April 17, 2011
Only a quarter of UK population concerned about climate change
Subtext: People are stupid, we need to explain better. It would be interesting to see the actual poll results, they must be pretty bad since they don't quote the actual numbers, but based on the story even Japan and India would not be over 50%
FROM-Ecologist
Only a quarter of UK population concerned about climate change
Twice as many people in India and Japan rank climate change as one of the most important environmental issues, highlighting the challenge facing UK policymakers and climatologists
Only a quarter of Britons believe climate change is one of the most important environmental issues facing the UK today, according to a survey conducted by Ipsos MORI and released to the Ecologist this week.
Ambivalence in the UK is in sharp contrast to Asian countries like India, South Korea and Japan where 50 per cent of those polled consider climate change to be one of the most important environmental issues.
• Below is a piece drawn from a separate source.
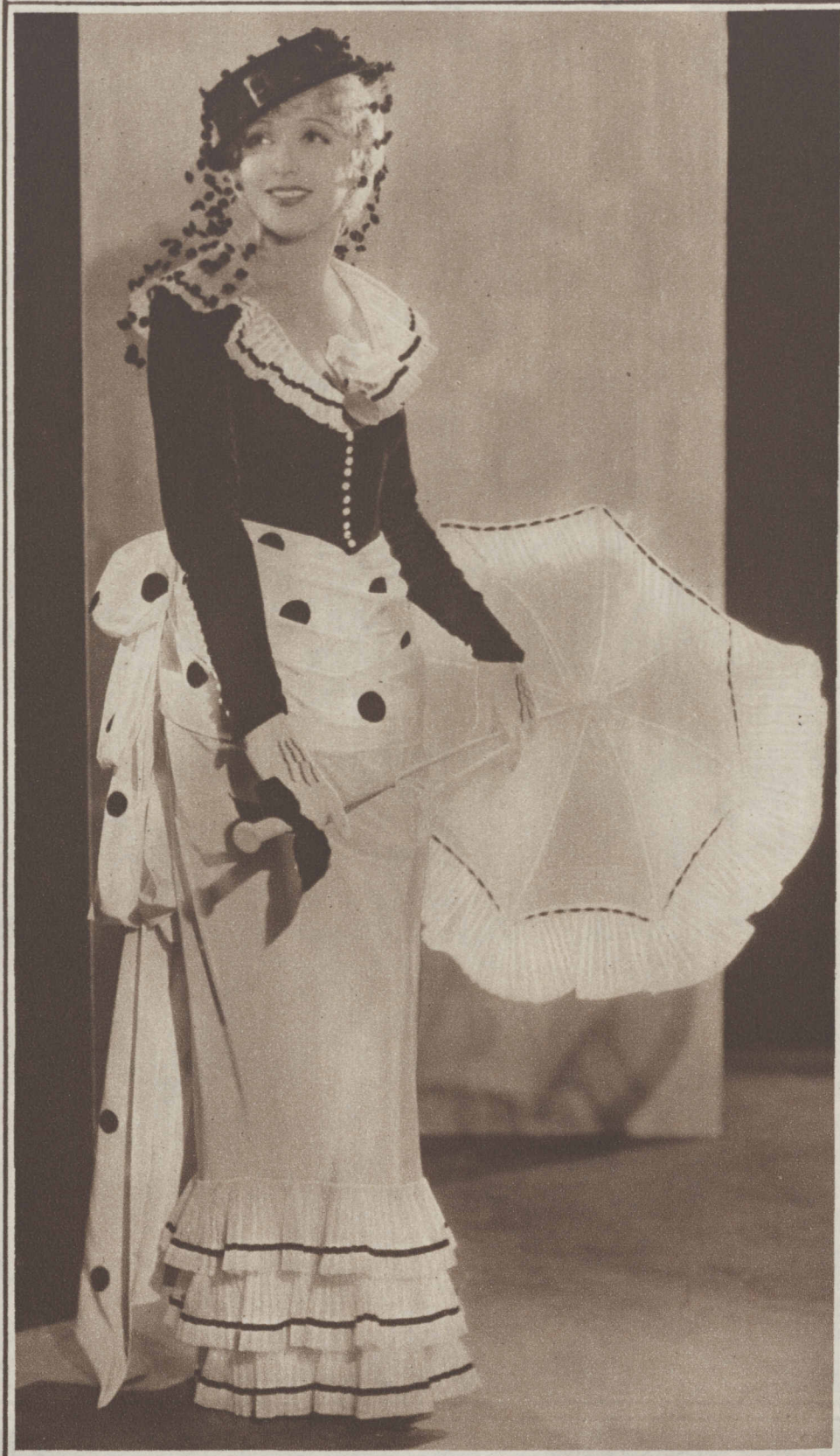
AS A BEAUTY OF GOLD-RUSH DAYS—Bebe Daniels in a historical screen play.

The MORI poll involved more than 18,000 people across the world, who were asked to choose the three most important environmental issues facing their country. Of the 24 countries surveyed, the UK was among the least concerned about climate change, with energy security, waste disposal and overpopulation listed as the most pressing environmental issues. Other European countries showed similar results to UK, with people in Germany and Sweden principally concerned with sources of future energy supplies.
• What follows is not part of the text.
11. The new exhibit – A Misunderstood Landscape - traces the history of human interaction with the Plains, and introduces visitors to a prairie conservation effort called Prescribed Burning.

Climate researchers put the difference, in part, on the countries susceptibility to climate change. 'India has much less resilience to climate change and less money for adaptation and mitigation. They have an extremely large population in coastal cities which are sensitive to rising sea levels,' says Professor Corrine Le Quere, director of the Tyndall Centre for Climate Change. 'Bangladesh is also the neighbouring country which is very sensitive to rising sea levels so they might have immigration coming from Bangladesh.'
Direct contact with climatic events increases people’s awareness of climate change and makes them more likely to change their own habits, according to previous research by the Tyndall Centre. Professor Le Quere believes this phenomenon, combined with last year’s notoriously cold British winter, may explain why people in the UK are less concerned about climate change.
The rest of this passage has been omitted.